AprioriLite
- class hana_ml.algorithms.pal.association.AprioriLite(min_support, min_confidence, subsample=None, recalculate=None, thread_ratio=None, timeout=None, pmml_export=None)
This function runs a lightweight version of the Apriori algorithm for association rule mining. It significantly reduces the computational overhead by only focusing on the creation and analysis of up to two-item sets, which makes it particularly useful for large datasets where traditional Apriori applications could be computationally expensive.
- Parameters:
- min_supportfloat
Specifies the minimum support as determined by the user.
- min_confidencefloat
Specifies the minimum confidence as determined by the user.

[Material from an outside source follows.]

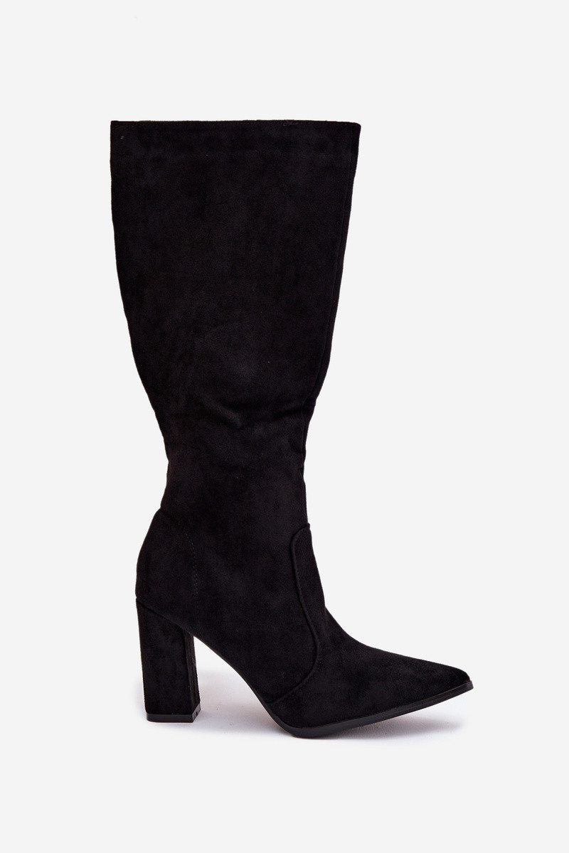 sieviešu garie zābaki ar papēdiEko zamšādau siltināti melnas krāsas Ieslēgtsrille
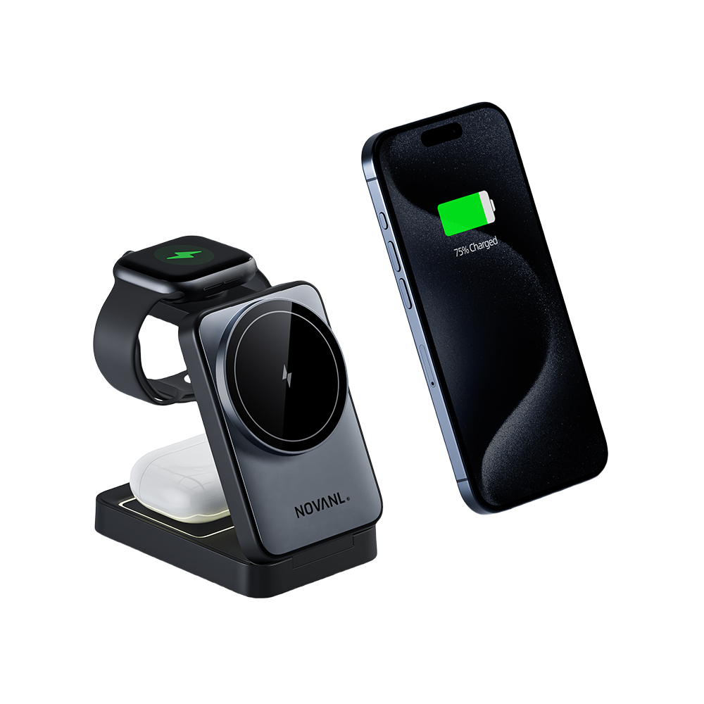 Kompaktes und platzsparendes Design: Wie der Name schon sagt, ist das NOVANL WireUp Compact Charging Dock so konzipiert, dass es Platz spart, ohne Kompromisse bei der Leistung einzugehen. Sein schlankes, leichtes Profil macht es perfekt für kleine Schreibtische, Nachttische oder Arbeitsplatten. Das minimalistische Design sorgt außerdem dafür, dass es sich in jede Umgebung einfügt, ohne Unordnung zu verursachen, was es sowohl funktional als auch stilvoll macht.

- subsamplefloat, optional
Specifies the sampling percentage for the input data. Set to 1 if you want to use the entire data. By subsampling, you can speed up computation on large datasets. Defaults to 1.
- recalculatebool, optional
If true, the illustrative statistics (support, confidence, and lift) of the resulting rule set are recalculated (updated) after the rules are found using sampled data.
Defaults to True.
- thread_ratiofloat, optional
Adjusts the percentage of available threads to use, from 0 to 1. A value of 0 indicates the use of a single thread, while 1 implies the use of all possible current threads. Values outside the range will be ignored and this function heuristically determines the number of threads to use.
Defaults to 0.
- timeoutint, optional
Specifies the maximum run time for the algorithm in seconds. The algorithm will cease computation if the specified timeout is exceeded.
Defaults to 3600.
- pmml_export{'no', 'single-row', 'multi-row'}, optional
Defines the method of exporting the Apriori model:
'no' : the model will not be exported,
'single-row' : the Apriori model will be exported as a single row PMML,
'multi-row' : the Apriori model will be exported as a multi-row PMML where each row contains a minimum of 5000 characters.
Defaults to 'no'.
Examples
Input DataFrame df:
>>> df.collect() CUSTOMER ITEM 0 2 item2 1 2 item3 ...... 21 8 item2 22 8 item3
Initialize a AprioriLite object:
>>> apl = AprioriLite(min_support=0.1, min_confidence=0.3, subsample=1.0, recalculate=False, timeout=3600, pmml_export='single-row')
Perform the fit() and obtain the result:
>>> apl.fit(data=df) >>> apl.result_.head(5).collect() ANTECEDENT CONSEQUENT SUPPORT CONFIDENCE LIFT 0 item5 item2 0.222222 1.000000 1.285714 1 item1 item5 0.222222 0.333333 1.500000 2 item5 item1 0.222222 1.000000 1.500000 3 item5 item3 0.111111 0.500000 0.750000 4 item1 item2 0.444444 0.666667 0.857143
- Attributes:
- result_DataFrame
- Mined association rules and related statistics, structured as follows:
1st column : antecedent(leading) items,
2nd column : consequent(dependent) items,
3rd column : support value,
4th column : confidence value,
5th column : lift value.
Non-empty only when
relational
is False.- model_DataFrame
- Apriori model trained from the input data, structured as follows:
1st column : model ID.
2nd column : model content, i.e. liteApriori model in PMML format.
Methods
fit
(data[, transaction, item])Association rule mining on the given data.
- fit(data, transaction=None, item=None)
Association rule mining on the given data.
- Parameters:
- dataDataFrame
The input data.
- transactionstr, optional
Name of the transaction column.
Defaults to the first column if not provided.
- itemstr, optional
Name of the item column.
Defaults to the last non-transaction column if not provided.
Inherited Methods from PALBase
Besides those methods mentioned above, the AprioriLite class also inherits methods from PALBase class, please refer to PAL Base for more details.